*** Opening Recorded information ***
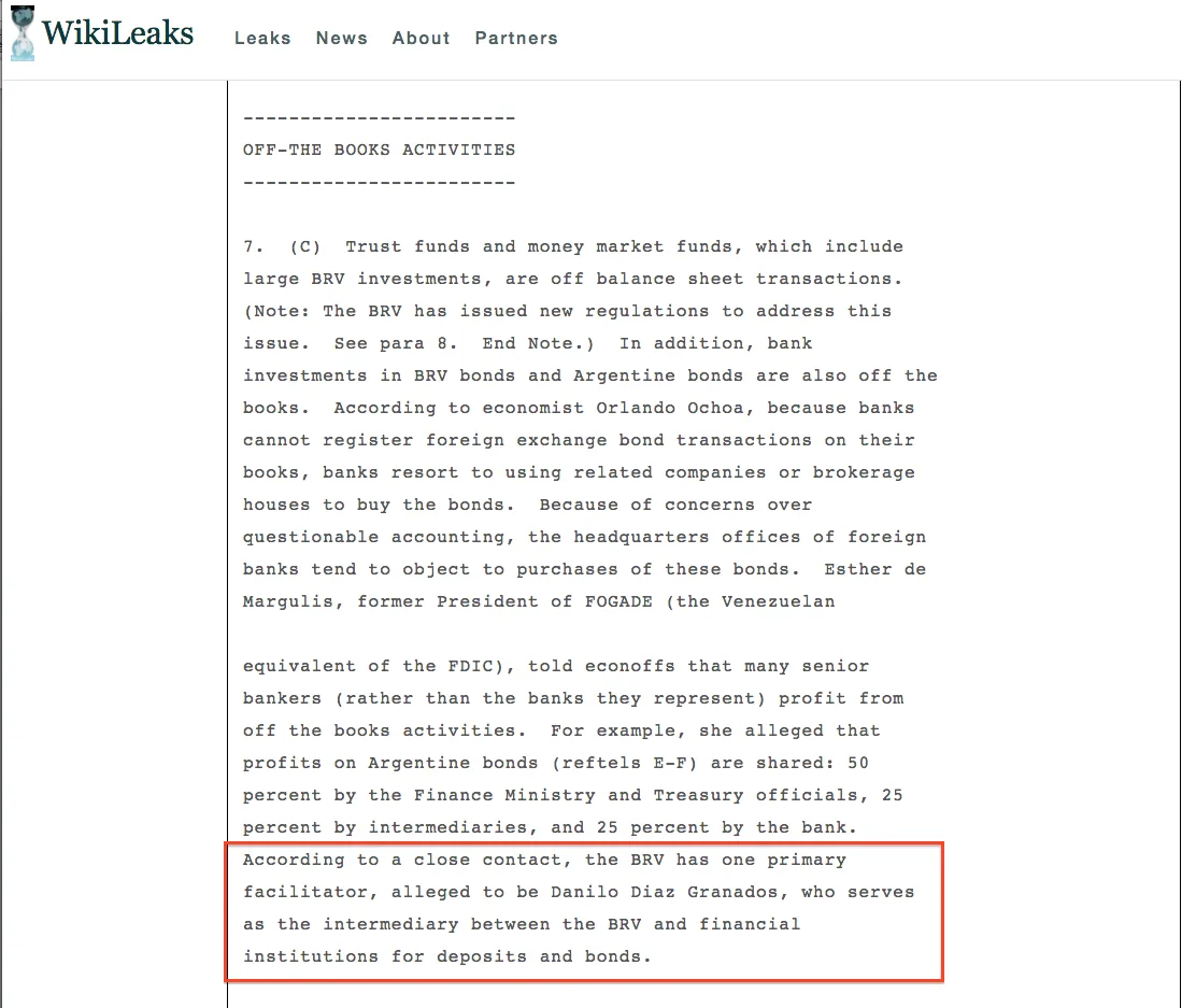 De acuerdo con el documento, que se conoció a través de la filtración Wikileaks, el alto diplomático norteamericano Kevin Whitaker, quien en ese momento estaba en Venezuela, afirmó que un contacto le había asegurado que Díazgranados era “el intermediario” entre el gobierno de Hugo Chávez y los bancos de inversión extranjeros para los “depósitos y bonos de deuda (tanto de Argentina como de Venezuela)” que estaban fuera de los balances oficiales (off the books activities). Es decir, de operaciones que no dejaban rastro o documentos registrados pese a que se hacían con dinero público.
*** Closing Recorded information ***
*** Opening Recorded information ***
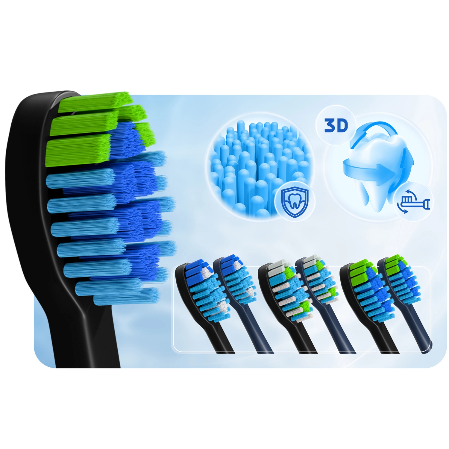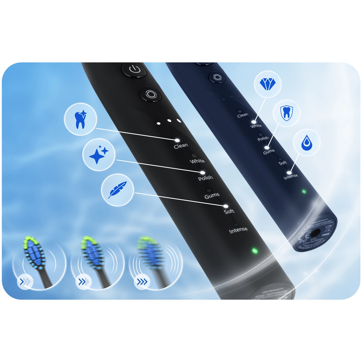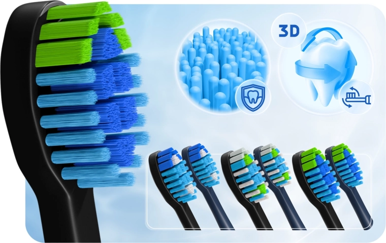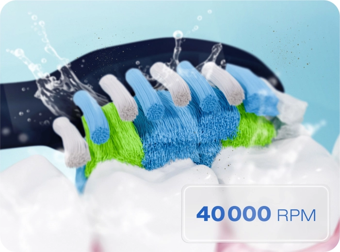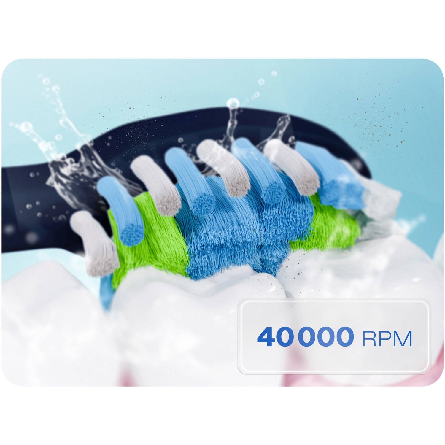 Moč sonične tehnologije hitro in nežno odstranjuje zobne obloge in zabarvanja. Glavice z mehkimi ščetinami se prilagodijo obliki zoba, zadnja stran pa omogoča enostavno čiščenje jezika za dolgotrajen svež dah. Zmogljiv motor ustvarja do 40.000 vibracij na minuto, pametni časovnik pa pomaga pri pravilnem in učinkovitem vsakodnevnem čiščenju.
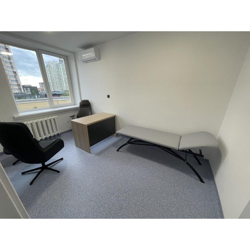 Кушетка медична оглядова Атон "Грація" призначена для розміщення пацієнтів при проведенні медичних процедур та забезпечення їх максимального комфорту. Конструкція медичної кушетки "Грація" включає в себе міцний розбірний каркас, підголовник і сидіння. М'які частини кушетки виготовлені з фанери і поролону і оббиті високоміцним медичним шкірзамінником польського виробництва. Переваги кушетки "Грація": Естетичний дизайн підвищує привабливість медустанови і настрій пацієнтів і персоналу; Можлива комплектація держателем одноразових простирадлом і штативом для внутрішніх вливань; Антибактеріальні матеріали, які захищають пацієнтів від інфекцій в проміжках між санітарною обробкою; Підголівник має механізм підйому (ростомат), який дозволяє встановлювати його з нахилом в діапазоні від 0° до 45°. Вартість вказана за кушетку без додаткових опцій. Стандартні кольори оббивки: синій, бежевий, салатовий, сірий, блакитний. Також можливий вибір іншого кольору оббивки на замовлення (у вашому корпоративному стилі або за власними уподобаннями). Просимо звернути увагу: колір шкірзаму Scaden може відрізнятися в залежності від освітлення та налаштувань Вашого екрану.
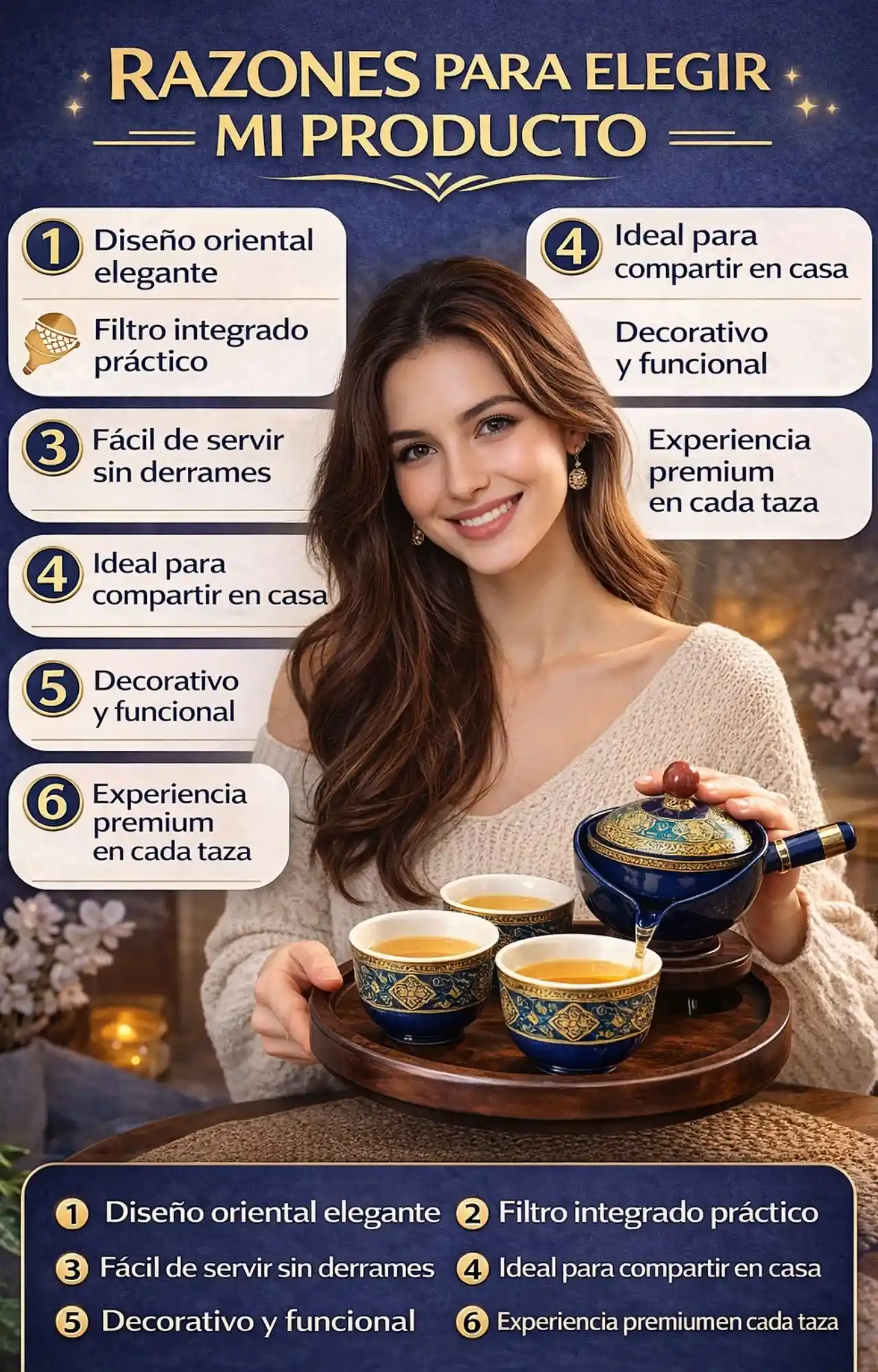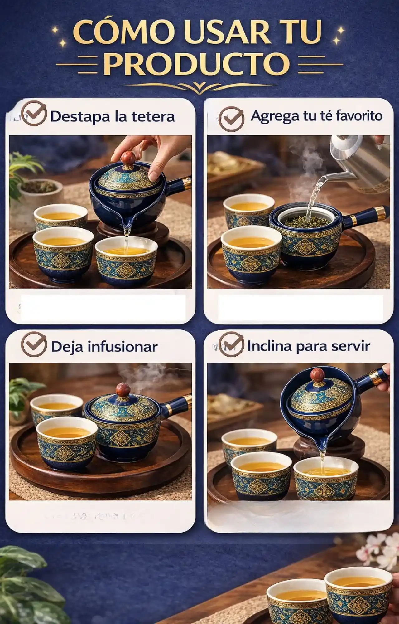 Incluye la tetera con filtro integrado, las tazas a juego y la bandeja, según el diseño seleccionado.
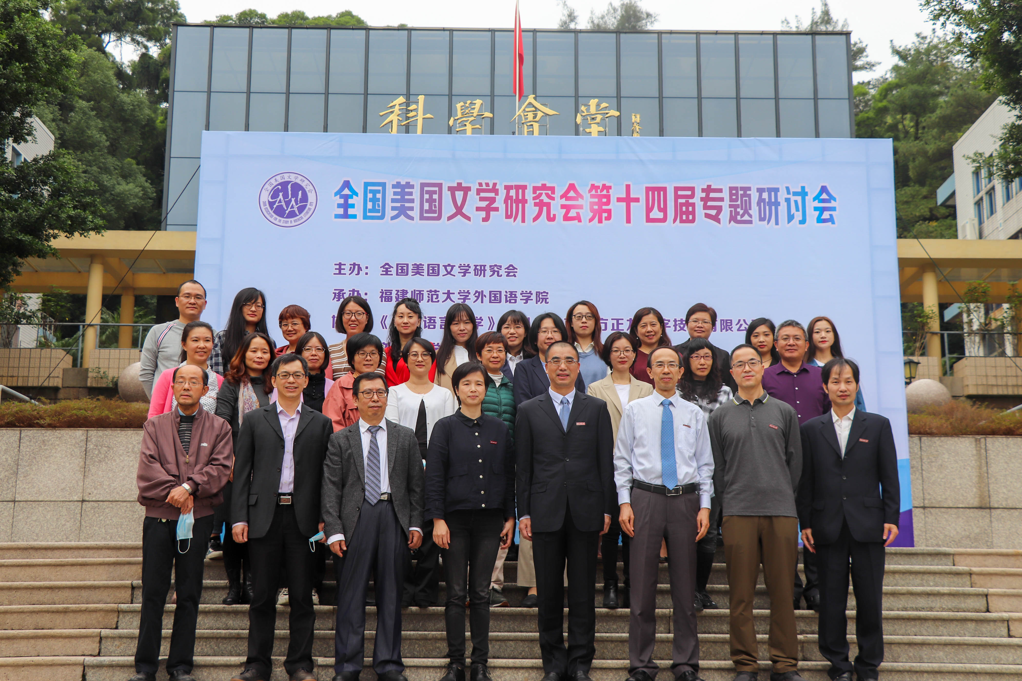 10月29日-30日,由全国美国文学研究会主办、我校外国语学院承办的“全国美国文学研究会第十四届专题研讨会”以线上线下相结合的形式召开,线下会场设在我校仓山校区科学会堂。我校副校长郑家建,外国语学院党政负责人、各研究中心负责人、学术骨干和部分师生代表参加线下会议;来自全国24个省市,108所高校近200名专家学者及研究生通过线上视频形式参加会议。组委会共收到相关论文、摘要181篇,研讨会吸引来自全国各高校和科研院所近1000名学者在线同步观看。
*** Closing Recorded information ***
> _Goal of the exercise_: All that should be printed is the run of lines above from the one with "Кушетка медична оглядова" through the one with "Incluye la tetera", both included, exactly as given, with pictures left out.

> _Exercise solution_:
 Кушетка медична оглядова Атон "Грація" призначена для розміщення пацієнтів при проведенні медичних процедур та забезпечення їх максимального комфорту. Конструкція медичної кушетки "Грація" включає в себе міцний розбірний каркас, підголовник і сидіння. М'які частини кушетки виготовлені з фанери і поролону і оббиті високоміцним медичним шкірзамінником польського виробництва. Переваги кушетки "Грація": Естетичний дизайн підвищує привабливість медустанови і настрій пацієнтів і персоналу; Можлива комплектація держателем одноразових простирадлом і штативом для внутрішніх вливань; Антибактеріальні матеріали, які захищають пацієнтів від інфекцій в проміжках між санітарною обробкою; Підголівник має механізм підйому (ростомат), який дозволяє встановлювати його з нахилом в діапазоні від 0° до 45°. Вартість вказана за кушетку без додаткових опцій. Стандартні кольори оббивки: синій, бежевий, салатовий, сірий, блакитний. Також можливий вибір іншого кольору оббивки на замовлення (у вашому корпоративному стилі або за власними уподобаннями). Просимо звернути увагу: колір шкірзаму Scaden може відрізнятися в залежності від освітлення та налаштувань Вашого екрану.
 Incluye la tetera con filtro integrado, las tazas a juego y la bandeja, según el diseño seleccionado.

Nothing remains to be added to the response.